--- Provided material ---

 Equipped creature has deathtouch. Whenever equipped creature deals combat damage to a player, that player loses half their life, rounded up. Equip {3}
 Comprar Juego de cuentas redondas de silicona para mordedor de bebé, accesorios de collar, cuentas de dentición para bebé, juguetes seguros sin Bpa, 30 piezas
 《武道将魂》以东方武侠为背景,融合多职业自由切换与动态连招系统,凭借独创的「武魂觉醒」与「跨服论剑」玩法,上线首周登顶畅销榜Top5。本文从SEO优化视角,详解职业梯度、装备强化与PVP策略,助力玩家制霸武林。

---
--- Provided material ---

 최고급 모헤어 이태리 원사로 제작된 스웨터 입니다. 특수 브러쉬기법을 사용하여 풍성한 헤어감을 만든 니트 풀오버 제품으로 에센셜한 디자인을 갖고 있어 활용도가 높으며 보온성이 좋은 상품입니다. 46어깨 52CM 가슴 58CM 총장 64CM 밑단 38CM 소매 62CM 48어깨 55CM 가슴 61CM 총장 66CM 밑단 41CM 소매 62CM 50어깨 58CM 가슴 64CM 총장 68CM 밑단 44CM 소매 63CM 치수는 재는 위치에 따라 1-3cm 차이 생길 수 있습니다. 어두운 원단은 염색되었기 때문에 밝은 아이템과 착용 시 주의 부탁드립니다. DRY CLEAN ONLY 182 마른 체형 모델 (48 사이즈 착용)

---
--- Provided material ---

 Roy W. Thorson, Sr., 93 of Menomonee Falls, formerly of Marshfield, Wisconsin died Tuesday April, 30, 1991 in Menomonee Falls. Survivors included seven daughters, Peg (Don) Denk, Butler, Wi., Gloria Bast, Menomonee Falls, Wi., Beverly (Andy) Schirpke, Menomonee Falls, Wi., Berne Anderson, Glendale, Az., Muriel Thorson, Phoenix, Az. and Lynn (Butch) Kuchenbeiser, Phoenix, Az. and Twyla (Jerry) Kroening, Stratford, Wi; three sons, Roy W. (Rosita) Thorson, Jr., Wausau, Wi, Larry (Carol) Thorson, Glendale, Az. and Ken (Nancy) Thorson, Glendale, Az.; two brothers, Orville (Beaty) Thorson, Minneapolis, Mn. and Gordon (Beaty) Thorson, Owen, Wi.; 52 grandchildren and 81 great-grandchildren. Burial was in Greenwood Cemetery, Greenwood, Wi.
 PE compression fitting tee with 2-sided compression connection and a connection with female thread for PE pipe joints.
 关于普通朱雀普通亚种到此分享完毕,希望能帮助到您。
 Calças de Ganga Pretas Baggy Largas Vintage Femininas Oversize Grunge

---

(What is being asked): Return a word-for-word copy of the lines above from the one holding "PE compression fitting" through the one holding "Calças de Ganga", with both of them included and nothing besides.

(Reply):
 PE compression fitting tee with 2-sided compression connection and a connection with female thread for PE pipe joints.
 关于普通朱雀普通亚种到此分享完毕,希望能帮助到您。
 Calças de Ganga Pretas Baggy Largas Vintage Femininas Oversize Grunge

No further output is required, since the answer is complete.